Products like Derma-Blend are found at high-end make-up counters and can conceal a tattoo for an important job interview or a special event such as a wedding. For 32-year-old Mike McFarlane, covering his tattoo with cosmetics gave him the confidence he needed when interviewing for a job in sales. He explains, “One day I’d like to get this off my arm but I don’t have the money. For sure I needed the job. So the make-up stuff worked.”
McFarlane did get the job and it may have been due in part to concealing his body art. Despite the fact that tattoos are more commonplace, there remains a bias about ink in the workplace. Fair or not, with jobs scarce, employers can now choose the cream of the crop and sometimes the cream has no visible ink.
In East Los Angeles where gangs are rampant, there is a project called Homeboy Industries that offers free tattoo removals to former gang bangers who have completed a program getting them off the streets.
Still, tattoos remain very popular and local parlors report brisk business.
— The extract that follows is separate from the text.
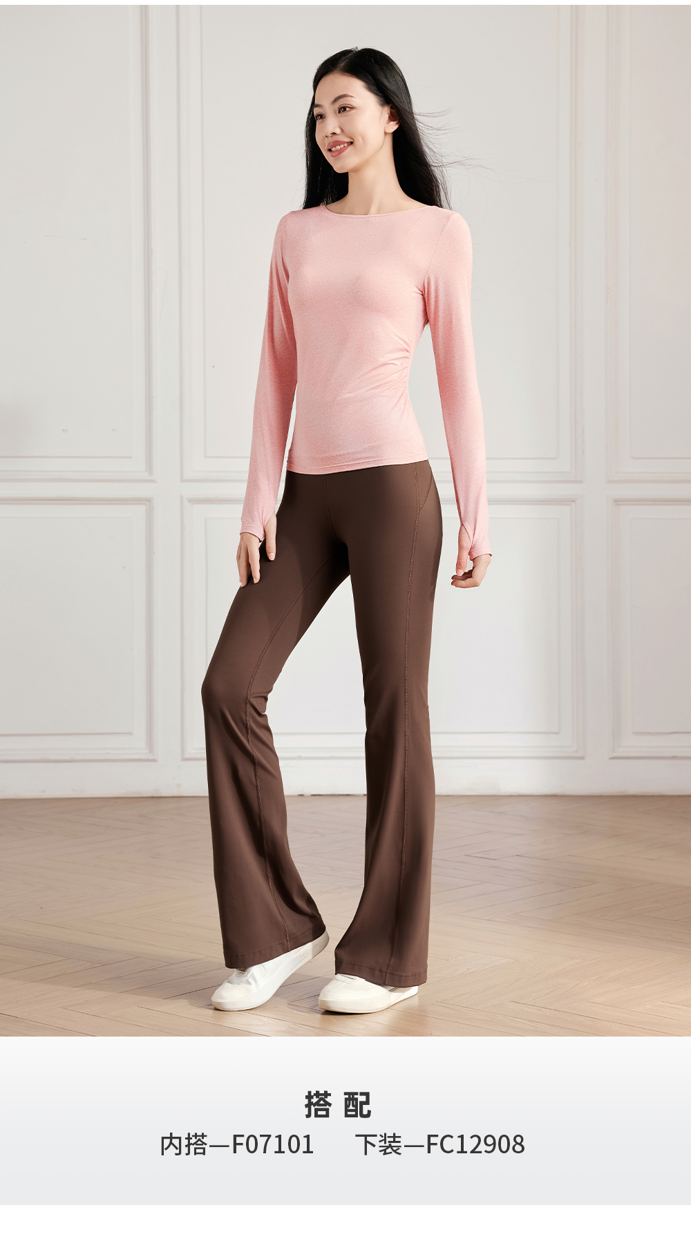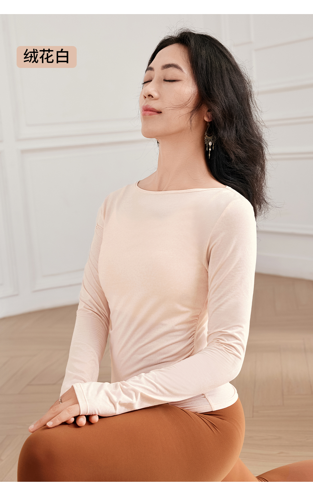 F14363一字领抽褶瑜伽长袖

In addition to the hula dancer or raging dragon, women have used tattoos as permanent makeup for their eyes, brows, lips and cheeks. The FDA considers the inks used in permanent makeup to be cosmetics. Local jurisdictions govern how these tattoo parlors ensure client safety.
However, dermatologists are formulating new inks that are biodegradable and bioabsorbable. The dyes are encapsulated in microscopic polymethylmethacrylate beads suspended in solution. They can be designed to disappear after three months, six months or one year.
Tattoo removal is a very extensive procedure and should only be done by a reputable physician. You want to make sure you find a highly regarded dermatologist or cosmetic surgery center to ensure proper treatment and care. If possible, you should obtain a recommendation from your family doctor for a dermatologist or skin surgery center that specializes in tattoo removal. Dr. Garcia insists that only a physician or a nurse should perform tattoo removal. This will ensure safety comes first for the patient.
Many patients wonder what to expect at a tattoo removal session. When the patients arrives he/she is given protective eye shields. The skin’s reaction to the laser is then tested to determine the most effective energy for treatment. The session itself consists of placing a hand piece against the surface of the skin and activating the laser light.
Patients have told Dr. Garcia that each pulse feels like the snapping of a rubber band against the skin. The patient will then be asked to apply a topical antibiotic cream or ointment. A bandage or patch will be used to protect the site and it should likewise be covered with a sun block when out in the sun.
It should be noted that since tattoo removal is a personal option in most cases and is considered a cosmetic procedure, most insurance carriers would not cover the process unless they deem it medically necessary.